De Afdeling heeft eerder bij uitspraken van 19 juli 2023 (ECLI:NL:RVS:2023:2734 en ECLI:NL:RVS:2023:2733) het beoordelingskader voor samenhangende procedures verduidelijkt, specifiek voor “naar hun aard verknocht”. Bepalend zijn de volgende drie omstandigheden: heeft de rechtsbijstandverlener in de procedures rechtsbijstand verleend aan dezelfde of een andere partij; in hoeverre een ander feitencomplex aan de procedures ten grondslag ligt; of procedures gaan over niet al te zeer uiteenlopende rechtsvragen.

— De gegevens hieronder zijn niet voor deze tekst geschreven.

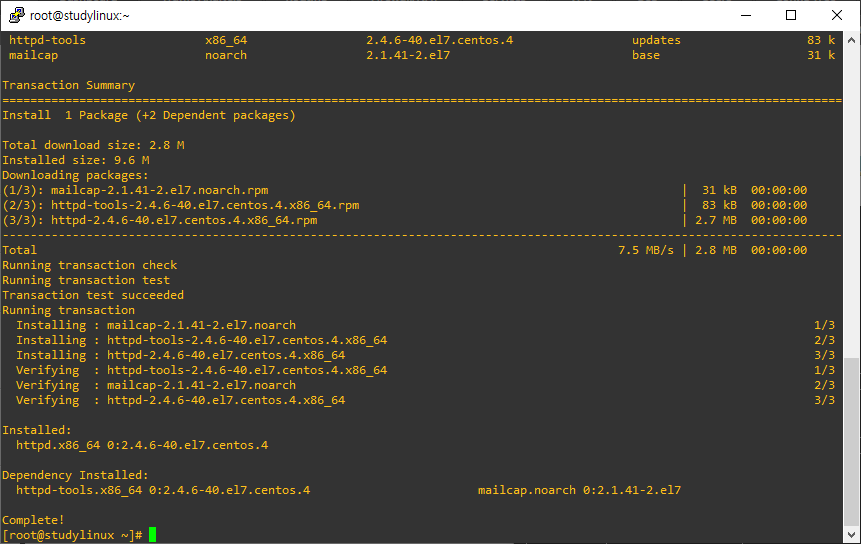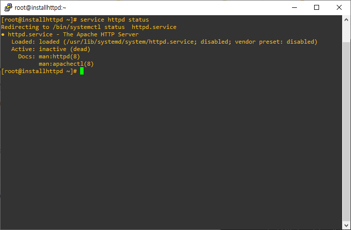 2. 패키지가 설치되었으면 service httpd status 명령어로 설치가 되었는지 확인해봅시다.

Toetsend aan dit beoordelingskader komt de Afdeling tot het oordeel dat de zaken terecht in samenhang zijn vastgesteld. Het gaat om vergelijkbare vorderingen en de verschillende rechtsvragen in de verschillende procedures zijn niet al te zeer uiteenlopend. Het feitencomplex dat aan de procedures ten grondslag ligt is hetzelfde. Het gaat om een brand die in de flat is gesticht, waardoor een slachtoffer is overleden en een ander slachtoffer ernstig hersenletsel heeft opgelopen waardoor zij haar opleiding journalistiek niet meer kan afronden en haar ambities niet meer kan nastreven.

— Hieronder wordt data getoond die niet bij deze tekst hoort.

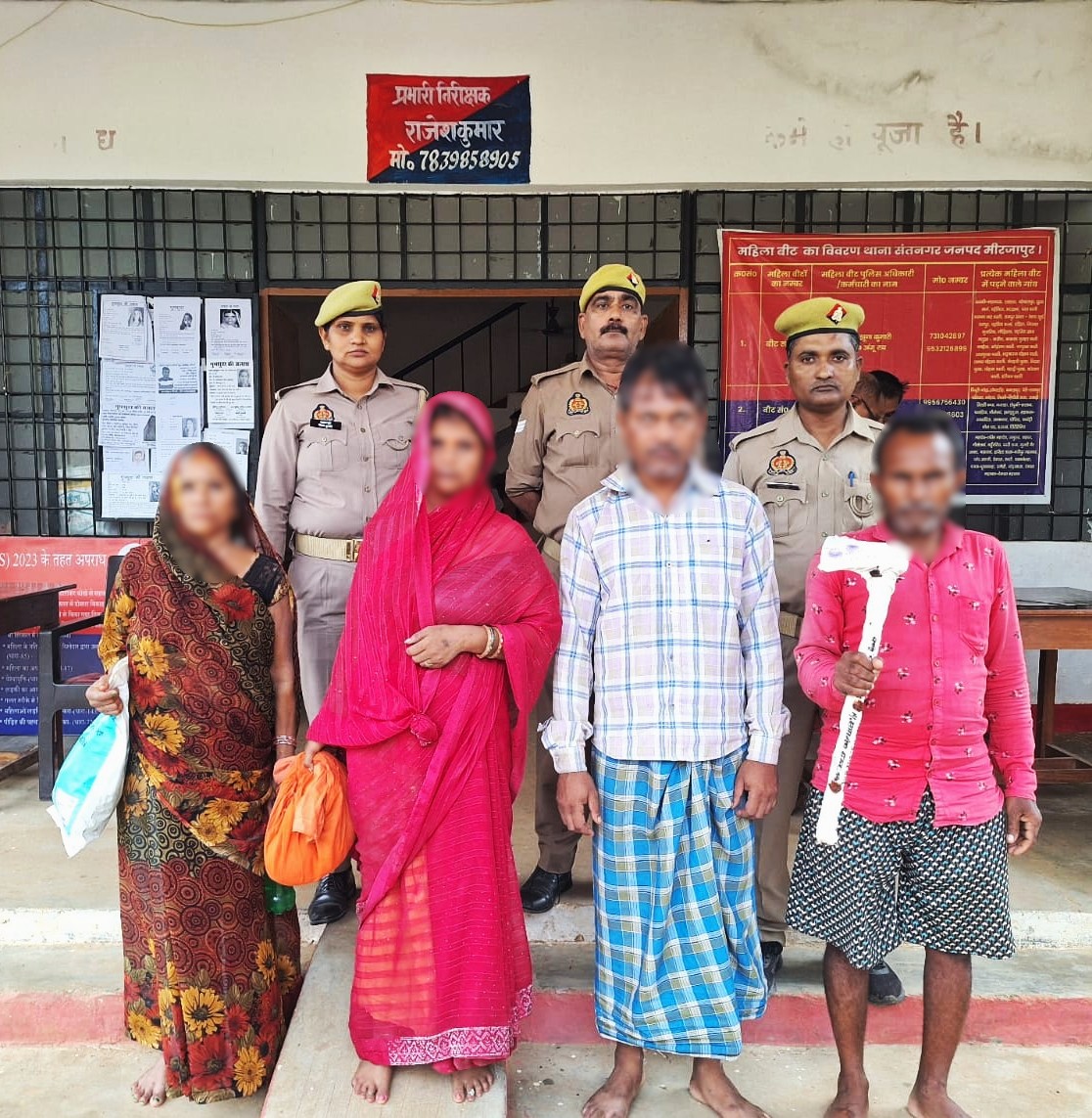 MIRZAPUR NEWS: सन्तनगर थाना क्षेत्र में हत्या के प्रयास के मामले में शनिवार को पुलिस ने चार नामजद अभियुक्तों को गिरफ्तार किया। अभियुक्तों की पहचान बऊ उर्फ शंकर (65 वर्ष) भोला चौहान (45 वर्ष) रजवन्ती (55 वर्ष) लीलावती (42 वर्ष) की समसदिया गांव के निवासी रूप में हुई हैं। इन अभियुक्तों को ग्राम तुलसीपुर नहर पुलिया के पास से गिरफ्तार किया गया है। गिरफ्तारी करने वाली पुलिस टीम में उप-निरीक्षक दिनेश कुमार श्रीवास्तव, आरक्षी कमलेश कुमार और महिला आरक्षी नीलम कुमारी शामिल थे।

Aangevoerd is dat het besluit in strijd is met artikel 6 en 13 Evrm en het daaruit voortvloeiende recht op advocaatkeuze. Deze grond kan niet slagen nu het slachtoffer en de nabestaanden bijgestaan kunnen worden door een advocaat die met de benodigde specialisatie bij de Raad staat ingeschreven.

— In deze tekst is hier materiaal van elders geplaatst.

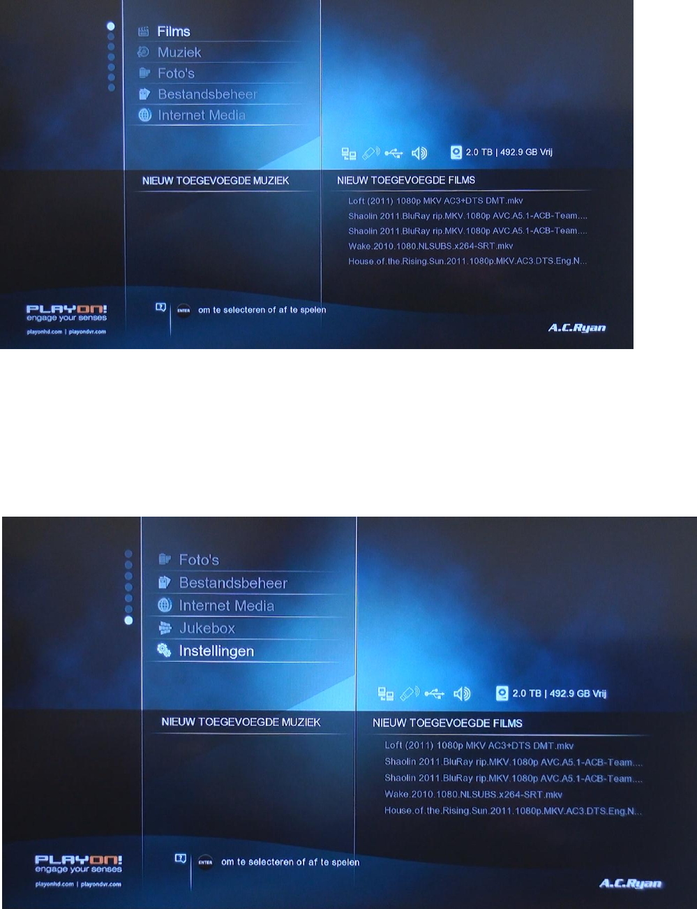 Als de PlayonHD2 voor de eerste keer wordt op gestart dan worden alle films

Evenmin kan het beroep op het evenredigheidsbeginsel slagen. De aangevoerde omstandigheden, het verkrijgen van een lagere vergoeding en mogelijk nieuwe cliënten moeten verwijzen naar een ander kantoor, zijn onvoldoende om tot de conclusie te komen dat de toepassing van artikel 11 Bvr in dit geval onevenredig uitwerken.